Review: O Céu da Meia-Noite

Roberto Fideli
4 min readDec 29, 2020
O Céu da Meia-Noite (Midnight Sky, EUA, 2020). Dirigido por George Clooney. Roteiro de Mark L. Smith. Duração: 1h58min.

Ficção científica ruim é feita há muitos anos, tão antiga quanto a própria história do cinema, e continua sendo feita até hoje. O que dói mais é ver a quantidade de recursos, de material humano e de dinheiro desperdiçados em obras tão rasas e prepotentes e com tão pouca inteligência.

O Céu da Meia-Noite infelizmente é um desses filmes. Dirigido e estrelado por George Clooney, e baseado no livro Good Morning, Midnight, de Lily Brooks-Dalton, o longa foi lançado direto na Netflix como o último grande blockbuster antes do Natal. Ele contém um elenco de peso: Felicity Jones, Kyle Candler,
David Oyelowo, e outros, mas os pobres coitados estão todos presos em um filme onde praticamente nada funciona.

Mas vamos ao começo.

Um misterioso evento varreu o planeta Terra e George Clooney agora se encontra sozinho em uma estação de pesquisa no Círculo Polar Ártico.

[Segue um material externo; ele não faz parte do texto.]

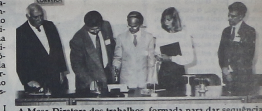
A Mesa-Diretora dos trabalhos, formada para dar sequência aos assuntos em pauta para os debates

Entre os objetivos do I Congresso, estava a promoção do conagração dos filatelistas e simpatizantes, o debate em torno do desenvolvimento da Filatelia no Estado do Paraná e a discussão para a evolução cultural da
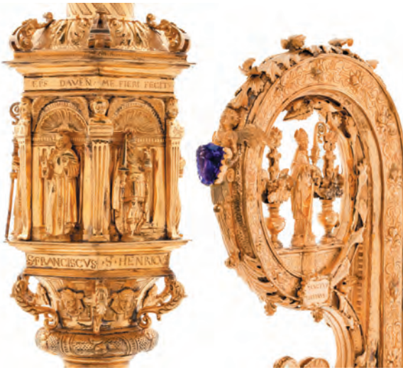
Detail van de staf van de bisschop van Deventer. In 1570 vervaardigd voor de franciscaan Aegidius de Monte, die in dat jaar bisschop van Deventer werd. Op de nodus ('knoop') ziet men in nissen verguld zilveren beeldjes van heiligen, onder wie Aegidius en Franciscus. Bovenin staat Lebuinus, patroon van Deventer. De Latijnse tekst op de achterzijde betekent: 'Het is zaliger te geven dan te ontvangen.' Collectie Museum Catharijneconvent, Utrecht; foto: Ruben de Heer.
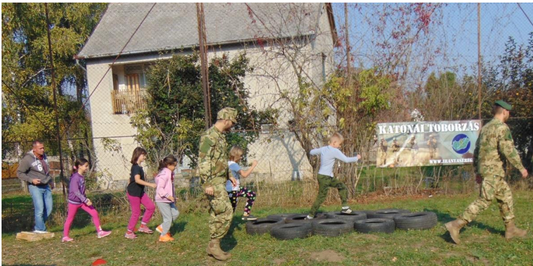
Az akadálypályán a szekszárdi Katonai Igazgatási és Érdekvédelmi Iroda munkatársai végig kísérték minden csapatot, vigyázva a gyerekek testi épségére.
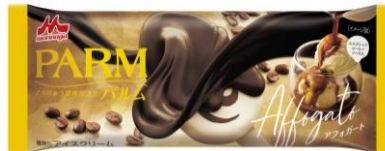
PARM(パルム) アフォガート(1本入り)
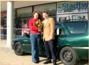
100. Erdgasfahrzeug in Frankfurt (Oder)

Im Sport wird erlebbar, was im Leben gilt: Anstrengungen lohnen sich, konsequente Vorbereitung, energisches Training und voller Einsatz gehen dem Erfolg immer voran. Sponsoring ist ein fester Bestandteil der Unternehmenskommunikation. Unter dem Motto „Erfolg braucht starke Partner“ unterstützen die Stadtwerke viele Frankfurter Sportvereine und tragen so dazu bei, den Ruf der Oderstadt als Brandenburger Sportstadt zu stärken.

Ou ao menos é o que ele pensa, pois uma menininha chamada Iris acabou ficando ali, depois que todos os outros integrantes da estação foram evacuados.

Enquanto tenta descobrir o que fazer com ela, George (o nome dele no filme não é George, é Augustine, mas tudo bem) também tenta entrar em contato com uma nave espacial que está retornando de uma missão para encontrar vida fora da Terra.

A relação entre o personagem de Augustine e Iris é o ponto forte do filme, mas se torna meio cansativo conforme as coisas avançam.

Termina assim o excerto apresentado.